How Bill Murray turned Woody Harrelson against Hollywood: “He wouldn’t return our calls”

Hollywood is full of coincidences, domino effects, and chain reactions that can affect actors and filmmakers in any number of ways, and it was Bill Murray’s preference for being impossible to find that almost permanently turned Woody Harrelson against the movie business.

Of course, it’s no secret that the former is a hard man to locate, with Murray having missed out on countless roles because nobody knew where he was or how to get in contact with him. That’s the way he likes it, though, and it hasn’t stopped him from enjoying a lucrative and successful career.

Harrelson, meanwhile, was still in the embryonic stages of trying to distance himself from his breakthrough role on the sitcom Cheers, although he was doing a stellar job thanks to against-type and headline-grabbing turns in the likes of Oliver Stone’s Natural Born Killers.

Stone would serve as a producer on Miloš Forman’s The People vs Larry Flynt, which earned Harrelson the first Academy Award nomination of his career. However, he wasn’t supposed to be the star after the Platoon director admitted Murray was the one he wanted. “But he wouldn’t return our calls,” he told The Independent. “He’s a recluse or something.”

His loss was Harrelson’s gain, with the actor delivering one of his best performances as the smut mogul. The downside is that many people weren’t happy with the film, and the criticism got to him in a major way. As a result, the actor decided that he’d had enough of Tinseltown for the time being and placed himself into exile for the better part of half a decade, having fallen out of love with the industry.

“I couldn’t understand why anyone would want to make a movie about Flynt,” he offered. “But then I started looking into it and realised I kind of liked the guy. He turns out to have more honesty and integrity than a lot of people I’ve met.” And yet, in another world, it would have been Murray.

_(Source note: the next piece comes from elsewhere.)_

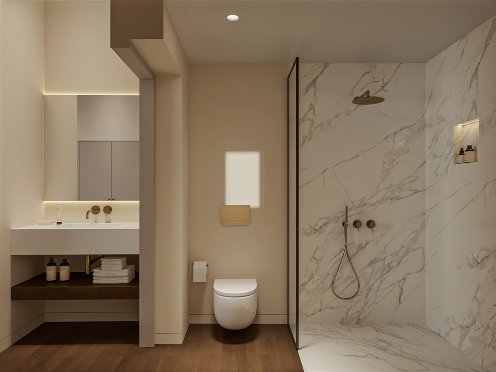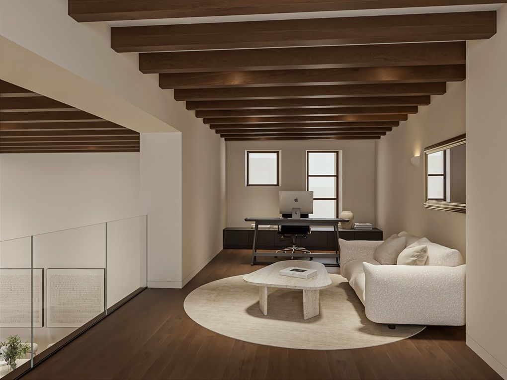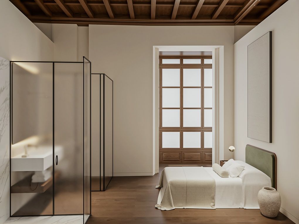 De architecten van vandaag hebben het historische gebouw omgetoverd tot een plek van pure luxe: Creu 5 | The Heritage Residences. Vijf luxe appartementen met een exclusief ontwerp, veel ruimte, licht en comfort worden er momenteel gebouwd. Historische elementen zoals een gotische trap, ronde bogen van Marés-steen, hoge ramen en artistiek ontworpen houten plafonds geven dit verder moderne pand de klassieke charme van een oud gebouw. Een elegante hal met lift en ruim trappenhuis vormt de prestigieuze entree. Deze ruime flat in een oud gebouw met drie slaapkamers en een terras maakt deel uit van een spectaculair renovatieproject in Palma. Het appartement van 215 m² met mezzanine, typisch Spaans glazen balkon en gezellig terras ligt op de eerste verdieping. Het is een echte belle étage met hoge plafonds en een mezzanine. Op de begane grond bevinden zich drie slaapkamers met eigen badkamer, een gastentoilet en een lichte woon/eetkamer met hoge plafonds en antieke houten balken. Direct aangrenzend is de keuken met toegang tot het terras met uitzicht op de tuin. Een kleine trap leidt naar een kamer die je naar eigen wens kunt inrichten - als kantoor of bibliotheek. In ieder geval is dit een exclusief ontworpen appartement met historische charme. Bars, restaurants en boetieks rond Paseo Mallorca en Avenida Jaime III en de populaire wijk Santa Catalina liggen op slechts een steenworp afstand van het gebouw.

In one of those cases of Hollywood happenstance that not even a screenwriter could concoct, The People vs Larry Flynt was released in December 1996. What cult classic comedy movie landed in cinemas less than five months previously? The Farrelly brothers’ Kingpin, which featured both Harrelson and Murray.

The pair hit it off during the production of the ten-pin caper, leaving Harrelson with no idea that in just a few months’ time, he’d win rave reviews for playing a character originally earmarked for his co-star that would generate such an intense and vocal blowback from certain quarters that it convinced him he needed to get out of town and reevaluate his next steps.

And to think, things could have turned out very differently had the Saturday Night Live legend bothered to answer his phone.